Each Party's liability can only be incurred in cases of fault directly attributable to it, and neither Party shall be held liable for damages resulting from the failure of the other Party to fulfill its obligations or an event of force majeure as defined under the 'Force Majeure' clause.
Each Party is only liable for direct, personal, and certain damages suffered by the other Party, explicitly excluding compensation for indirect or intangible damages, such as business losses, operating losses, or loss of revenue.
The maximum amount of damages that can be claimed from a Party is capped as follows:
-For damages related to license distribution or software subscription: six months of subscription fees, with a minimum of twenty thousand euros (€20,000);
-For damages related to one-time support services: the amount paid by the Client at the time of the incident, twenty thousand euros (€20,000).

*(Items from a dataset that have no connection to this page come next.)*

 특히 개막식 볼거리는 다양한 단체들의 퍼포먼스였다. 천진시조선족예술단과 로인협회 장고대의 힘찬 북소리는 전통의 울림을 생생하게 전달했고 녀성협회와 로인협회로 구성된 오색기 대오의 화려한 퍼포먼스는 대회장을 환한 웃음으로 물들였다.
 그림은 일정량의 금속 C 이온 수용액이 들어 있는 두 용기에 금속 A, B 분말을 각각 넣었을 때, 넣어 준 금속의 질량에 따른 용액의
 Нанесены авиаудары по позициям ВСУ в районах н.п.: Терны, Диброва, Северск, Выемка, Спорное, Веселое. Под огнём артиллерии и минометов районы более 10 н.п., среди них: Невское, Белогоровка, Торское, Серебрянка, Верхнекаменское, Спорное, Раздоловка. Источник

This cap applies within the limits of French legal and regulatory conditions, explicitly excluding any claims for bodily injury.
Liability for breaches of obligations by the software publisher is governed by the terms and conditions attached to the publisher’s contractual commitments.

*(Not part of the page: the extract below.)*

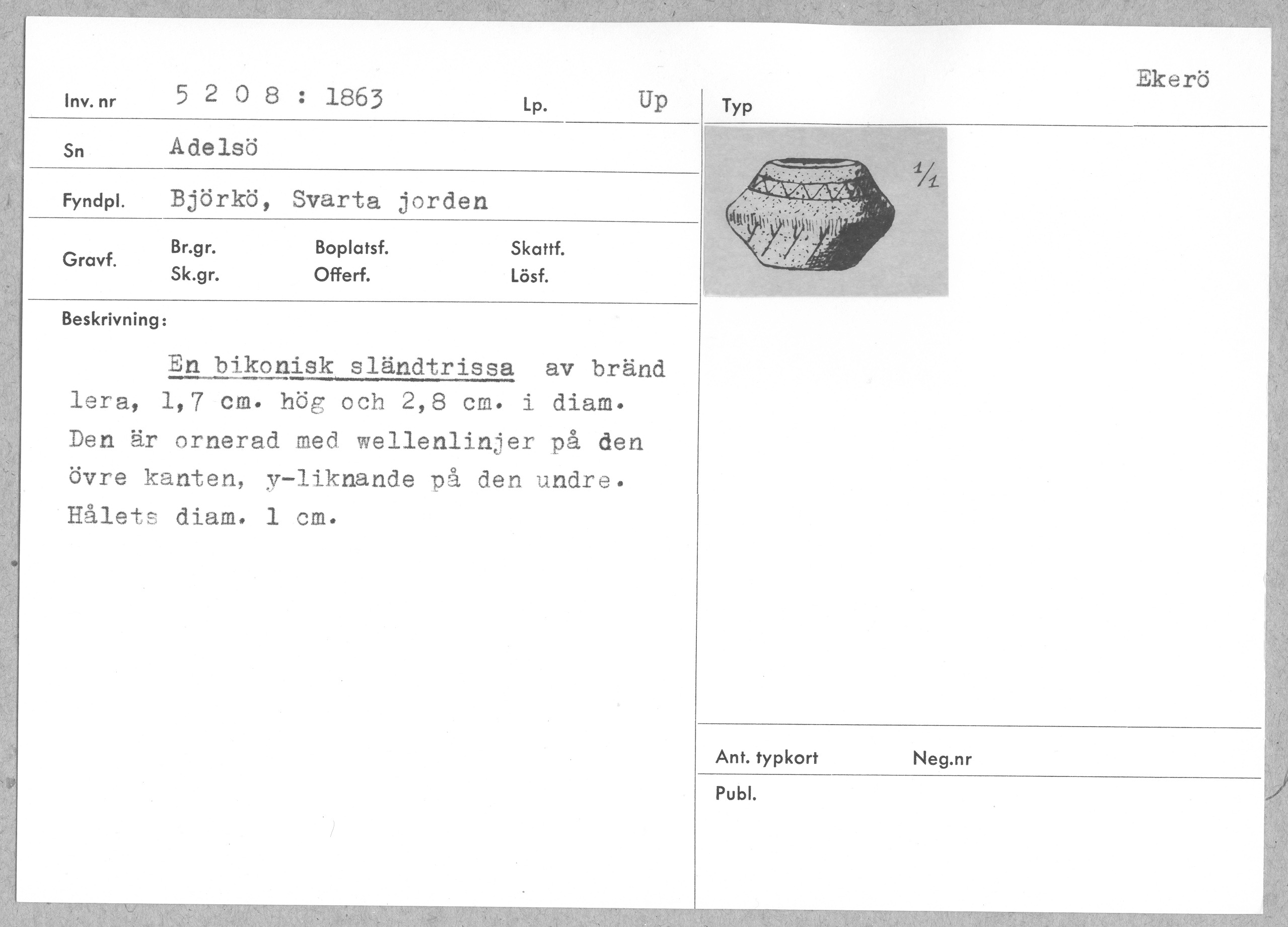 SHM5208:1863, Birka, Svarta jorden. En bikonisk sländtrissa
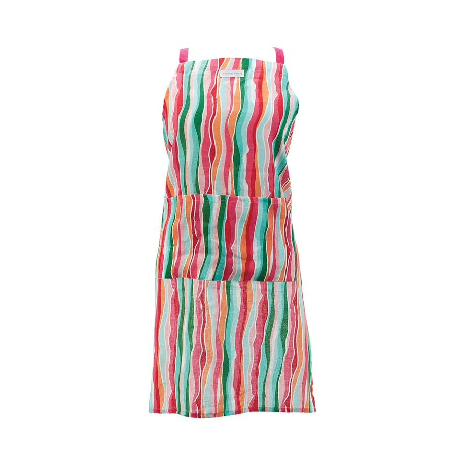 Add a playful pop of colour to your daily routine with the Annabel Trends Apron Linen Sherbet Ribbons JH, a beautifully designed apron crafted from 100% pure linen. Featuring the eye-catching Sherbet Ribbons print by artist Julie Harrison, this lightweight yet durable apron is both stylish and practical – perfect for cooking, baking, or pottering in the garden. The adjustable waist tie ensures a comfortable fit, while the front pocket is ideal for keeping utensils or garden tools within reach.

Any contractual liability claim must be brought within two years of the occurrence of the damage, or it will be time-barred.

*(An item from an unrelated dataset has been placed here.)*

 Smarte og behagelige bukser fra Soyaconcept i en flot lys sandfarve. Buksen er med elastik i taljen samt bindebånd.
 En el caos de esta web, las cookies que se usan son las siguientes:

The Service Provider and the Client agree to maintain the confidentiality of all information exchanged during the execution of the Services.
The Client acknowledges and agrees that Wedocom, the software publishers, and any subcontractors previously disclosed in accordance with applicable legislation may process personal data under the terms of the Personal Data Processing Policy, available here: https://www.wedocom.io/
The GTC shall be governed by French law to the exclusion of any other law.
Any dispute arising out of the application or interpretation of the GTC which cannot be settled amicably shall be submitted to the exclusive jurisdiction of the Commercial Court of Paris, even in the case of multiple defendants, third party claims or summary proceedings.
The parties agree that the attempt to find an amicable solution is a mandatory condition before resorting to legal proceedings. Failure to comply with this clause may be invoked by either party as a bar to proceedings.
To this end, the diligent party shall notify the other party in writing of the dispute and the terms of its claim. The notifying party may refer the matter to an independent mediator, such as the Médiateur des entreprises. If a paid mediator is chosen, the costs of the mediation shall be borne by the notifying Party. Upon receipt of the notice, the Parties will have 30 calendar days to negotiate in good faith to reach an amicable resolution.
If no amicable solution is reached by the end of this period, the Parties may refer the matter to the courts.
For disputes relating to breaches of the Publishers' legal terms and conditions, the rules on jurisdiction and choice of law are those set out in the Publishers'respective terms and conditions.
These GTC are drafted in French. Any translation into another language is provided for convenience only. In the event of any discrepancy or inconsistency between the French version and any translated version, the French version shall prevail and be binding.